Dataset entries:
....................
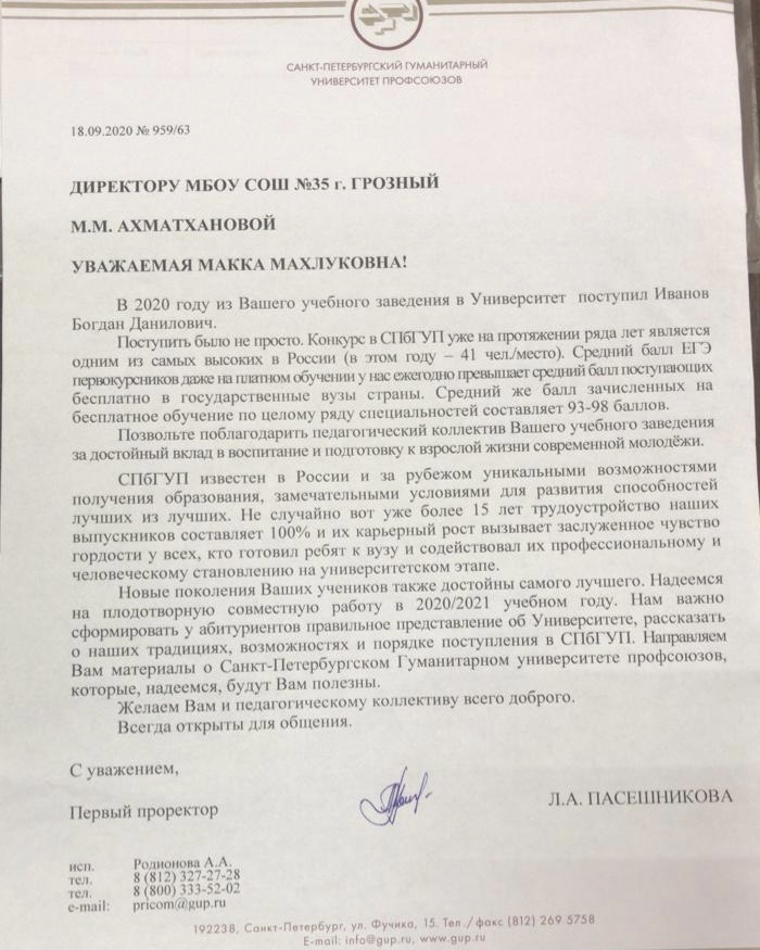 Педколлектив МБОУ « СОШ 35» г. Грозного благодарит администрацию Санкт-Петербургского гуманитарного университета профсоюзов, за высокую оценку нашего труда и надеемся на плодотворное дальнейшее сотрудничество
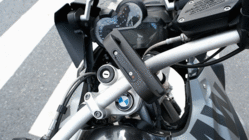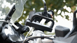 2つの機能を一つにして、走行中はスマホホルダー、停車中はヘルメットロック として使用できます。利用シーンは相互干渉しないため、同じスペースを共有できます。また、一般的なヘルメットロックのようにタンデムシート下の小さくて使いづらいということもなく、スムーズに脱着できる構造になっています。
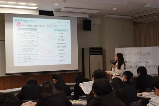 1年次の産業社会と人間において、金融リテラシー向上コンソーシアム様をお招きしてライフプランニングや家計管理について学びました。講義ではグループワークを中心に、人生の様々なライフイベントに関する費用を理解しながら、収支と支出のバランスを把握した家計管理の重要性について学ぶことが出来ました。
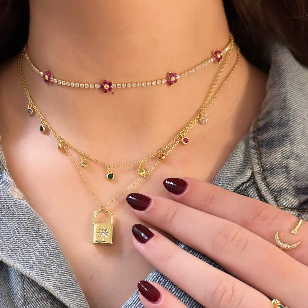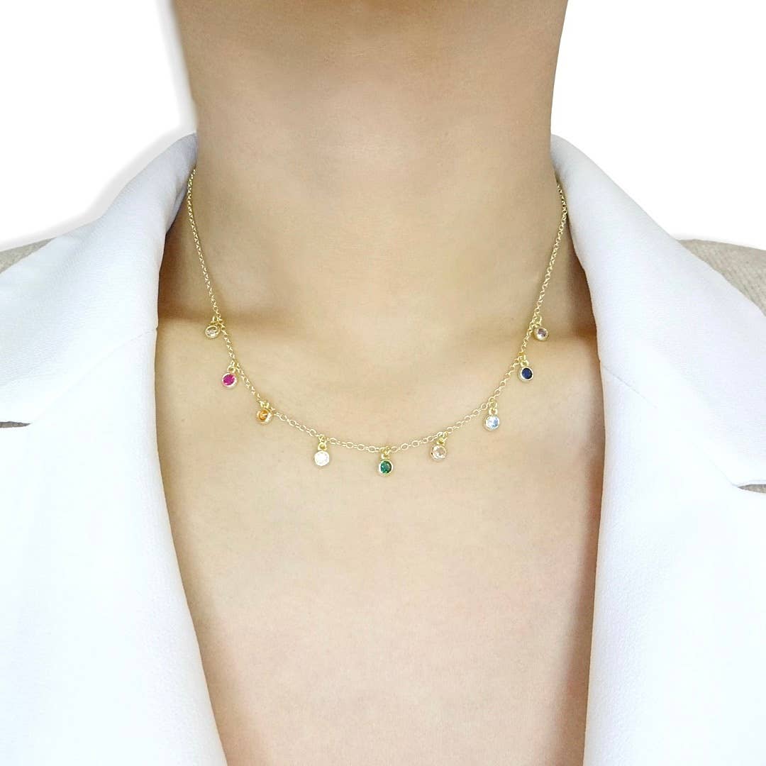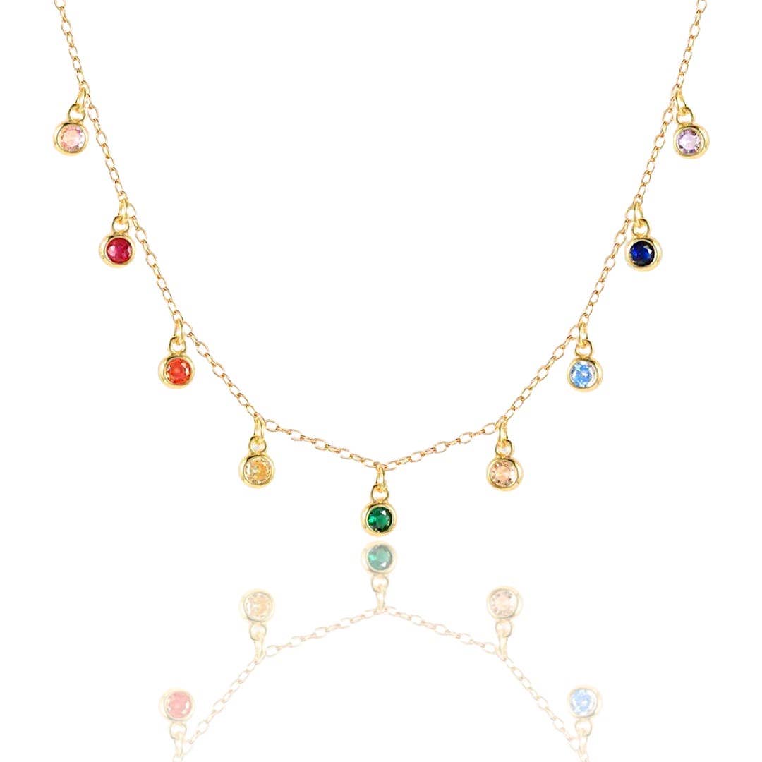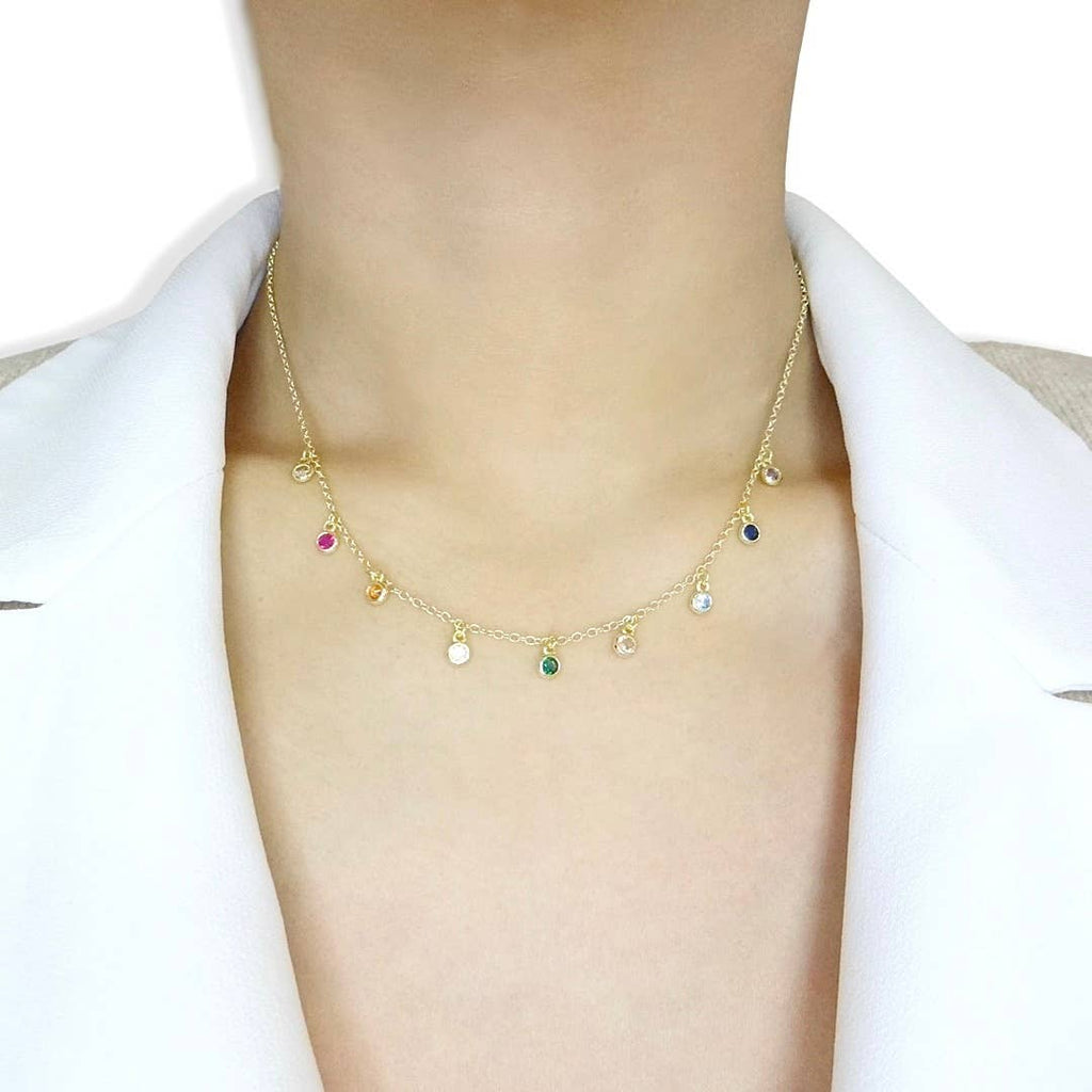 Accentuate your dazzling charisma with this shiny dangling gold rainbow choker necklace design. Created to elegantly lay against your neck, its striking rainbow design will draw attention to your neckline and complete your look in a spectacular fashion. Individual stones are carefully hand-set to assure the highest level of quality jewelry. Brilliance and sparkle like a real diamond. More Details: - Carefully Handmade - Sterling Silver (925) - Cubic Zirconia Rainbow - Length: 15" + 2" Ext. - E-Coating Protection (Anti-Tarnish) - Metal Color: 18k Gold
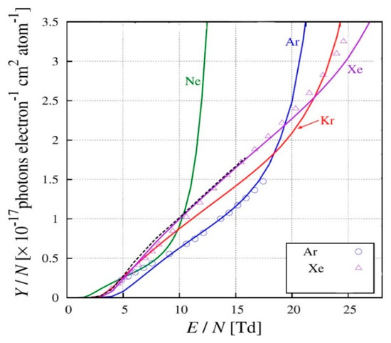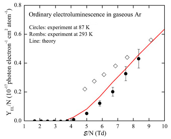 Atomic EL in the NIR has a line emission spectrum: see Figure 4. In addition, it has higher threshold in electric field than ordinary EL (see Figure 12). The absolute yield of atomic EL in the NIR was measured in [15,24]; it was well described by the theory using microscopic approach [23]: see Figure 12. It should be remarked that atomic emission in the NIR is particularly noticeable at even higher fields, above 30 Td, where the avalanche multiplication of the electrons takes place, accompanied by corresponding secondary scintillations: by so-called “avalanche scintillations” [11,25].
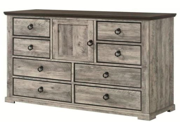 The Ella-Mae dresser features a rustic gray wood finish with a contrasting dark top for a warm, timeless look. Its combination of drawers and a center cabinet provides practical storage for everyday essentials. Classic ring-pull hardware completes the charming farmhouse style.
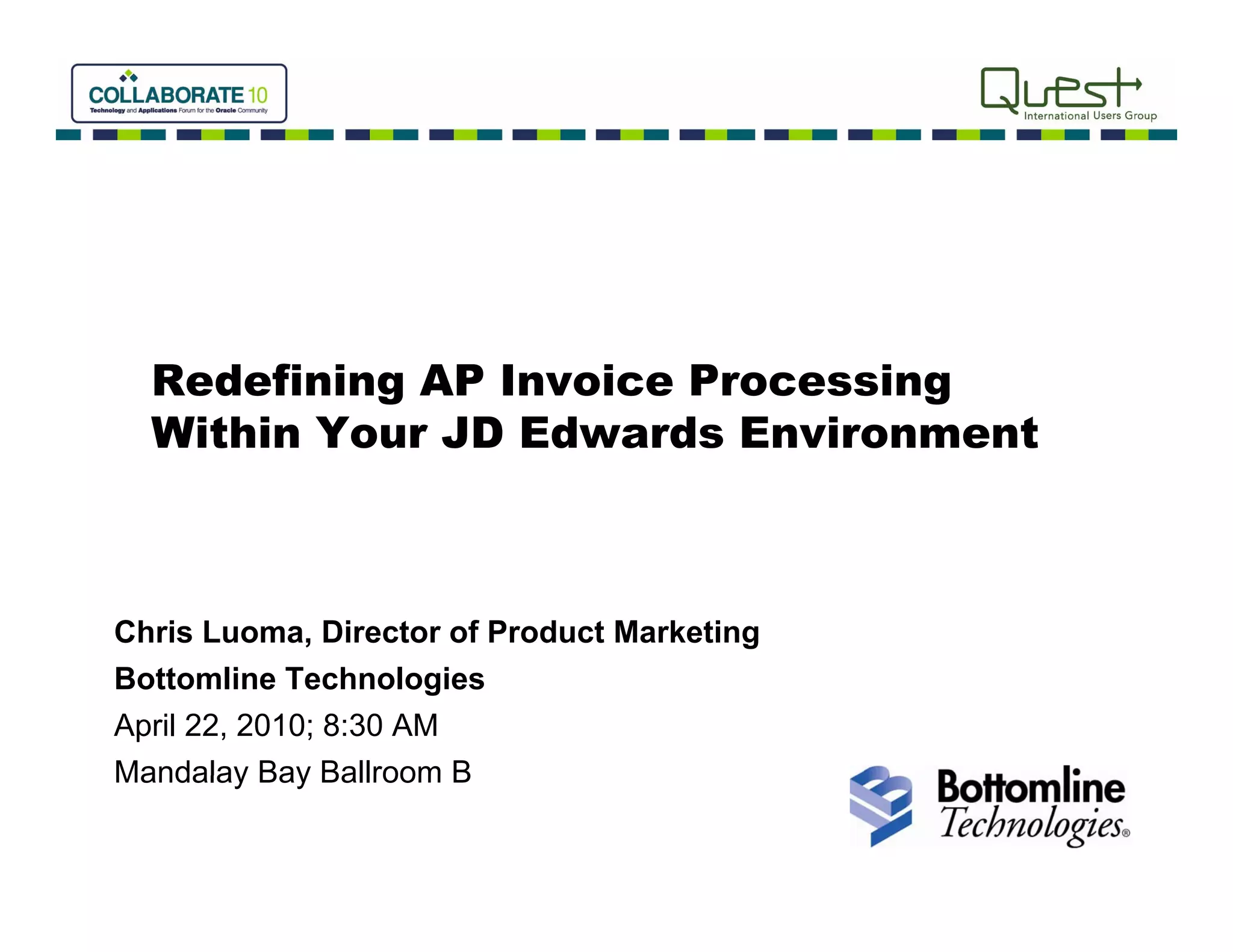 The document outlines the challenges in accounts payable (AP) invoice processing within JD Edwards environments and introduces Bottomline Technologies' TransformAP solution for integrated invoice management. It emphasizes the benefits of automation, such as reduced processing costs and cycle times, increased visibility, and improved supplier relations. Success stories from various companies illustrate how TransformAP has streamlined operations and enhanced productivity in AP departments.
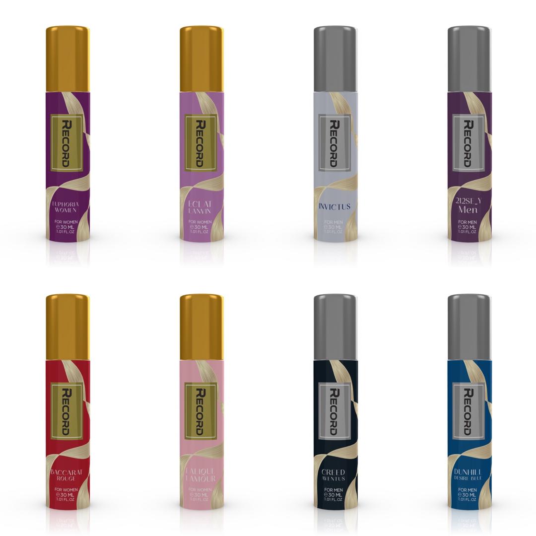 در هر جعبه ۲۴ عدد ادکلن جیبی ۳۰ میل با استند قرار دارد . هر جعبه شامل ۱۲ رایحه و از هر رایحه دو عدد درون جعبه میباشد .رایحه های باکارات رژ، آلور هوم ، اینویکتوس ، ۲۱۲ زنانه و مردانه ، لاگوست ، کوکو چنل ، اکلت ، گود گرل، ساواج ، دانهیل، کرید اونتوس.: در رایحه های زنانه و مردانه
....................
### Required action
Images are to be excluded, and each record above written out word for word.

### Finished exercise
 Педколлектив МБОУ « СОШ 35» г. Грозного благодарит администрацию Санкт-Петербургского гуманитарного университета профсоюзов, за высокую оценку нашего труда и надеемся на плодотворное дальнейшее сотрудничество
 2つの機能を一つにして、走行中はスマホホルダー、停車中はヘルメットロック として使用できます。利用シーンは相互干渉しないため、同じスペースを共有できます。また、一般的なヘルメットロックのようにタンデムシート下の小さくて使いづらいということもなく、スムーズに脱着できる構造になっています。
 1年次の産業社会と人間において、金融リテラシー向上コンソーシアム様をお招きしてライフプランニングや家計管理について学びました。講義ではグループワークを中心に、人生の様々なライフイベントに関する費用を理解しながら、収支と支出のバランスを把握した家計管理の重要性について学ぶことが出来ました。
 Accentuate your dazzling charisma with this shiny dangling gold rainbow choker necklace design. Created to elegantly lay against your neck, its striking rainbow design will draw attention to your neckline and complete your look in a spectacular fashion. Individual stones are carefully hand-set to assure the highest level of quality jewelry. Brilliance and sparkle like a real diamond. More Details: - Carefully Handmade - Sterling Silver (925) - Cubic Zirconia Rainbow - Length: 15" + 2" Ext. - E-Coating Protection (Anti-Tarnish) - Metal Color: 18k Gold
 Atomic EL in the NIR has a line emission spectrum: see Figure 4. In addition, it has higher threshold in electric field than ordinary EL (see Figure 12). The absolute yield of atomic EL in the NIR was measured in [15,24]; it was well described by the theory using microscopic approach [23]: see Figure 12. It should be remarked that atomic emission in the NIR is particularly noticeable at even higher fields, above 30 Td, where the avalanche multiplication of the electrons takes place, accompanied by corresponding secondary scintillations: by so-called “avalanche scintillations” [11,25].
 The Ella-Mae dresser features a rustic gray wood finish with a contrasting dark top for a warm, timeless look. Its combination of drawers and a center cabinet provides practical storage for everyday essentials. Classic ring-pull hardware completes the charming farmhouse style.
 The document outlines the challenges in accounts payable (AP) invoice processing within JD Edwards environments and introduces Bottomline Technologies' TransformAP solution for integrated invoice management. It emphasizes the benefits of automation, such as reduced processing costs and cycle times, increased visibility, and improved supplier relations. Success stories from various companies illustrate how TransformAP has streamlined operations and enhanced productivity in AP departments.
 در هر جعبه ۲۴ عدد ادکلن جیبی ۳۰ میل با استند قرار دارد . هر جعبه شامل ۱۲ رایحه و از هر رایحه دو عدد درون جعبه میباشد .رایحه های باکارات رژ، آلور هوم ، اینویکتوس ، ۲۱۲ زنانه و مردانه ، لاگوست ، کوکو چنل ، اکلت ، گود گرل، ساواج ، دانهیل، کرید اونتوس.: در رایحه های زنانه و مردانه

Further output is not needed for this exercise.